Wind energy, is renewable energy source, which is widely studied nowadays. Among wind turbine systems, variable wind turbine are the most preferred one, since it is most efficient and has more capability of control over wide speed area. Wind behavior determine the energy conversion process of wind turbine. Due to the randomness and intermittent nature of wind speed the energy conversation process is varied. So, to maximize the extracted energy from wind, pitch angle controller is investigated. Pitch angle control phenomena helps to run the system with higher efficiency and reliability in turbulent weather conditions (stochastic nature) and to stabilize output power at higher wind speed and optimize at lower wind speed.
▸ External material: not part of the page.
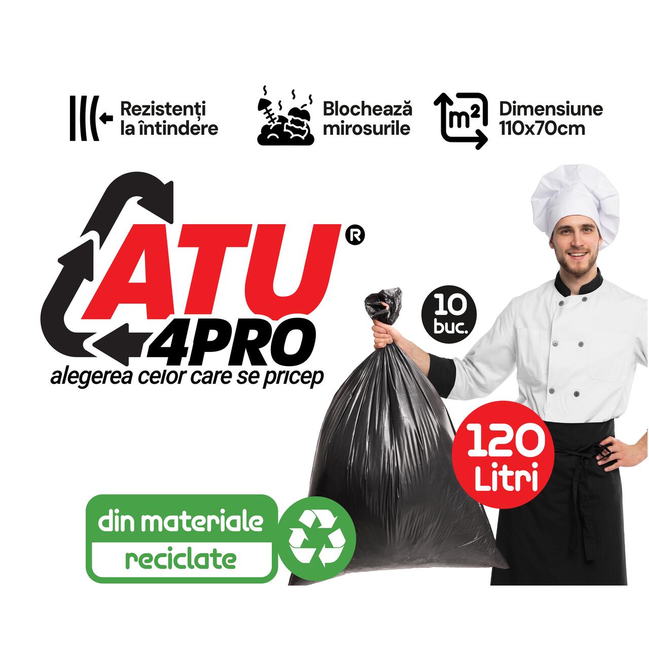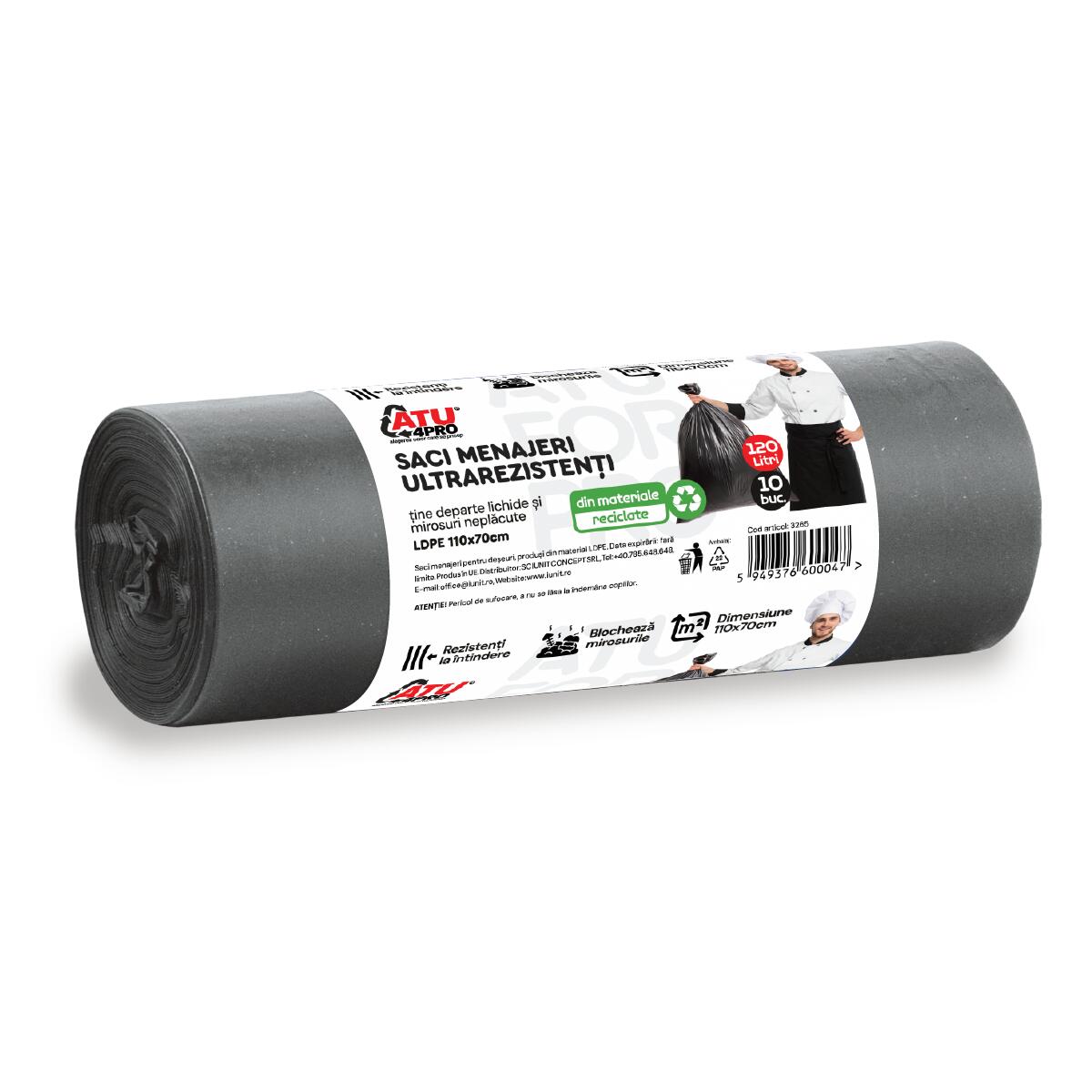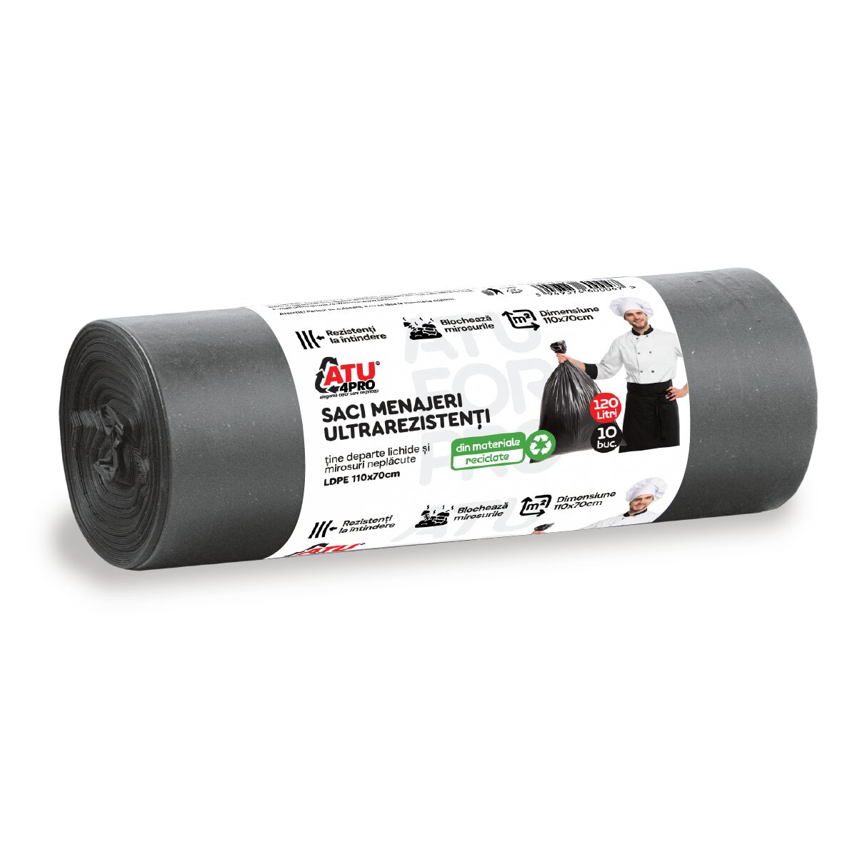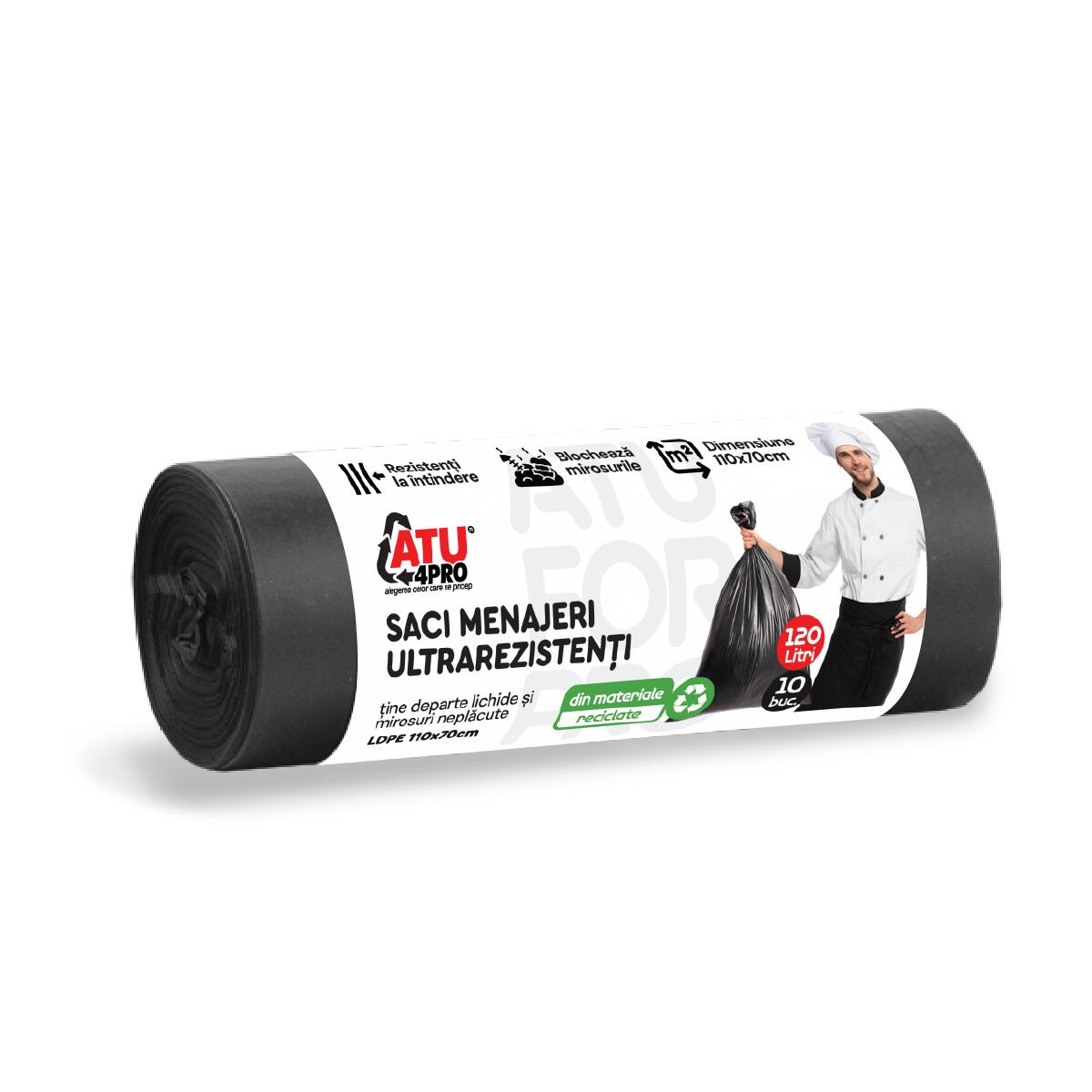 Gama Atu 4 Pro este destinata consumurilor colective, hotelurilor, restaurantelor, spatiile publice si tuturor profesionistilor care se pricep. Saci menajeri ultrarezistenti 110x70 cm, 10 bucati pe rola.

However, to maximize extracted energy conversion, pitch angle will tune the attack angle of a wind turbine rotor blade into or out of wind waves depending on wind speed. In this thesis fuzzy logic based adaptive controller is used to control the pitch angle of wind turbine to reduce external disturbance, robustness and uncertainty of parameters. The objective of the controller is defined as that of maintaining the rotor speed and pitch angle at suitable values depending on operating regions of wind turbine. Finally, a new method of fuzzy logic based adaptive controller is compared with conventional controller (PID) and the simulation results were analyzed. The simulation results shows that the fuzzy logic based adaptive controller can achieve better control performances than conventional pitch angle control strategies, minimizing fatigue and preventing input mechanical power to exceed the design limits.